• Exercise brief:
Here the job is to transcribe only the lines from the one containing "最近のミニバンは、セカンドシ" through the last line below, exactly as written; please leave out pictures.

• Raw data:

........

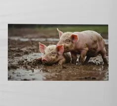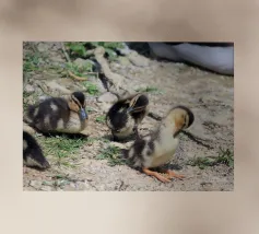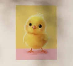 Un vivace gruppo di pulcini gialli riempie lo spazio, mettendo in mostra le loro morbide piume e le loro espressioni curiose. La luce calda esalta l'atmosfera accogliente della fattoria.
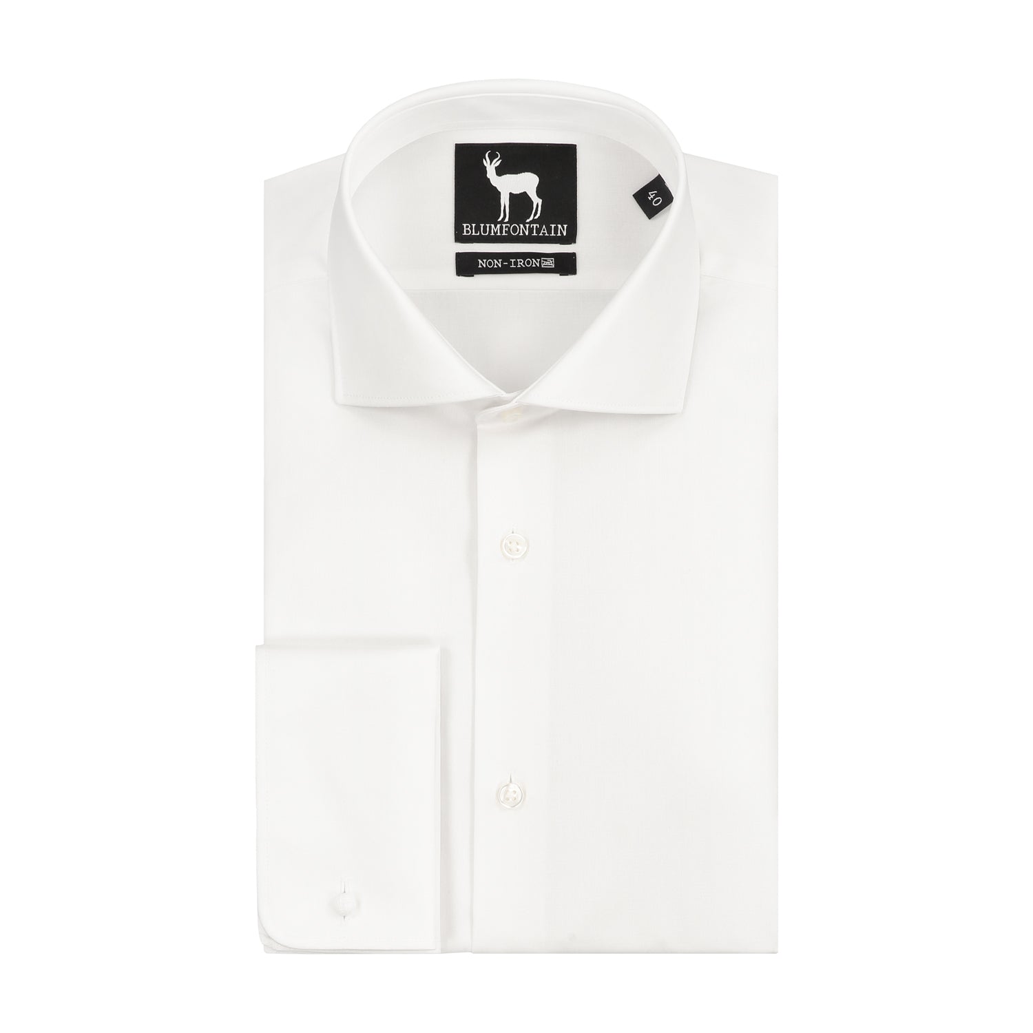 Je ziet het al voor je: een strak wit overhemd dat moeiteloos onder heren pakken en elk heren kostuum past. Dit Blumfontain model is clean en tijdloos, met dubbele manchetten die klaar zijn voor manchetknopen en een moderne snit die je look scherp houdt.
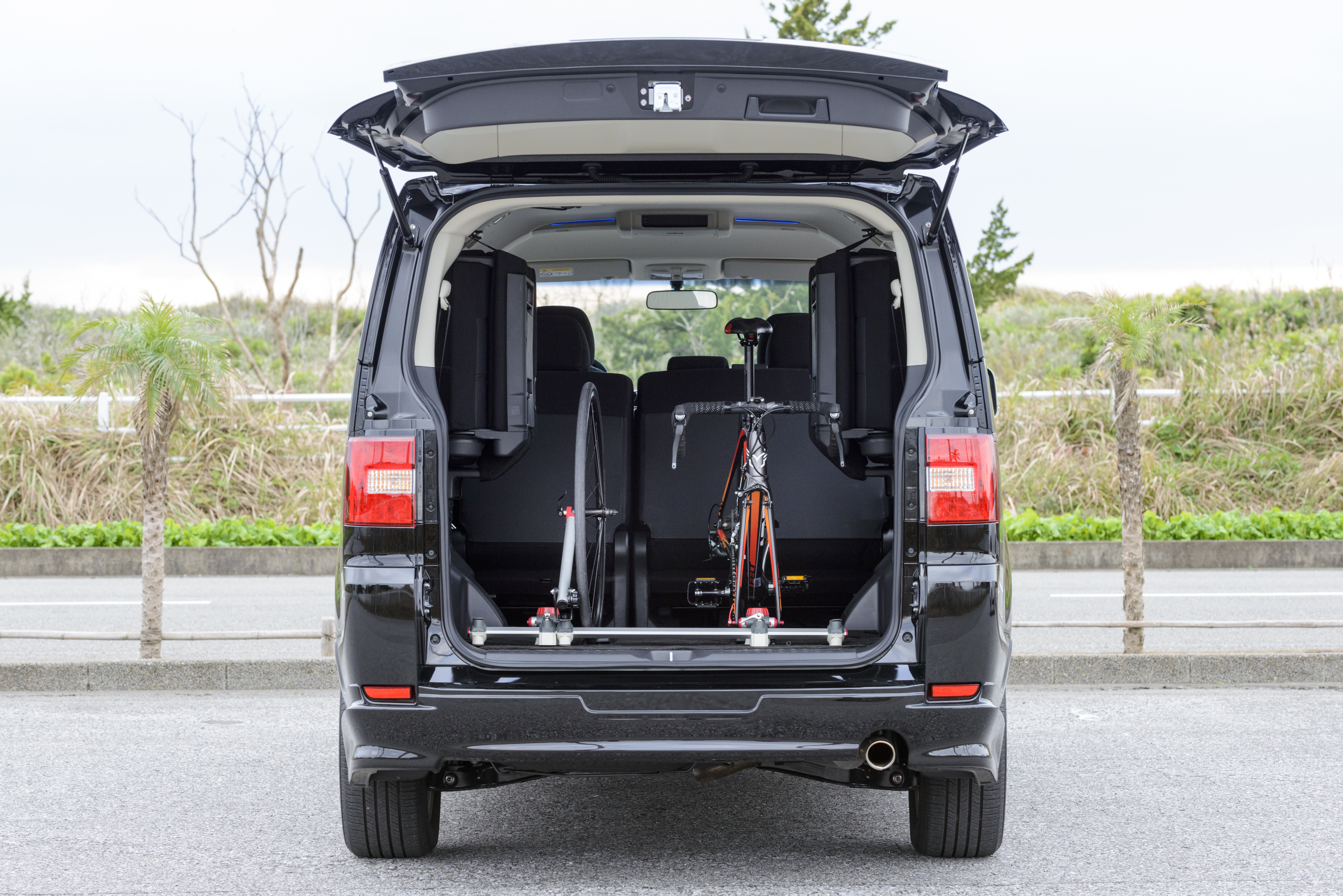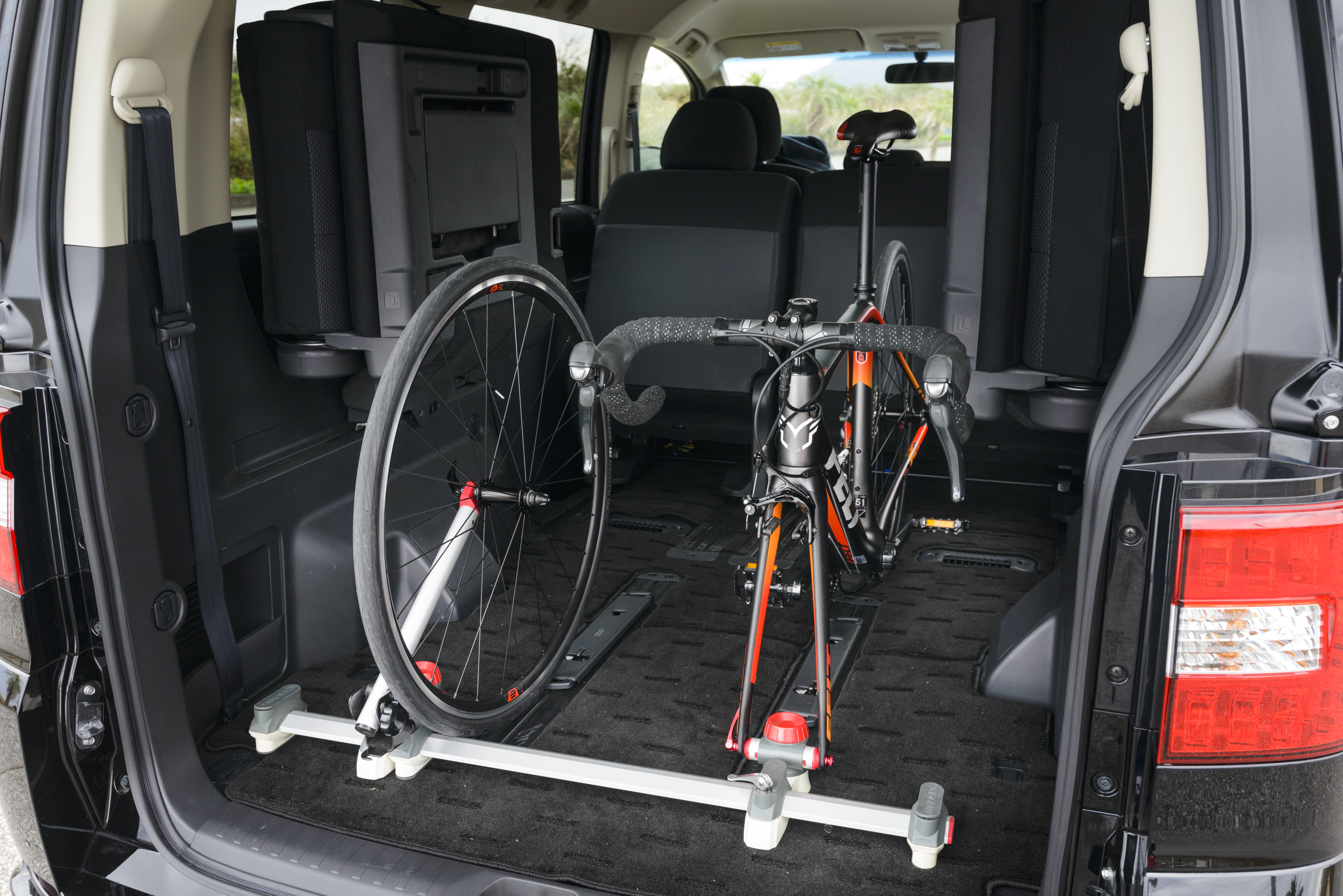 最近のミニバンは、セカンドシートを折り畳めるモデルが少ないのですが、デリカ D:5はセカンドシートを畳んで前方にスライドできるので、余裕でロードバイクを縦に積むことができます。
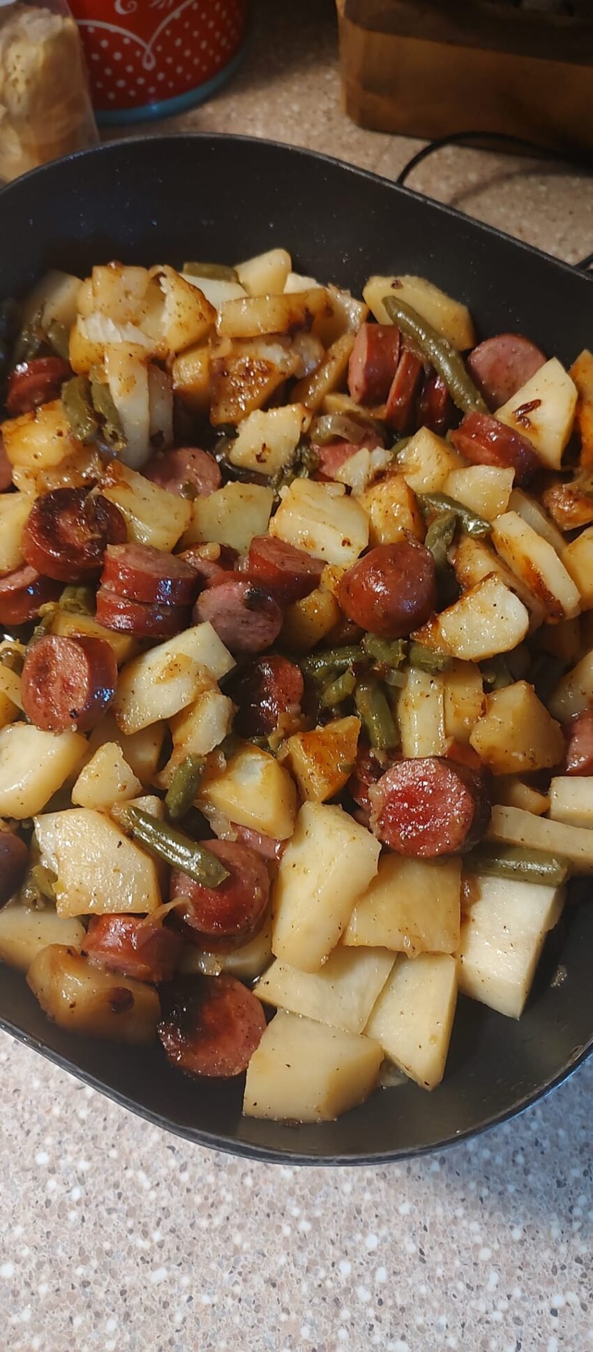 Fried Potatoes, Onions, Smoked Sausage & Green Beans

........

• Solution:
 最近のミニバンは、セカンドシートを折り畳めるモデルが少ないのですが、デリカ D:5はセカンドシートを畳んで前方にスライドできるので、余裕でロードバイクを縦に積むことができます。
 Fried Potatoes, Onions, Smoked Sausage & Green Beans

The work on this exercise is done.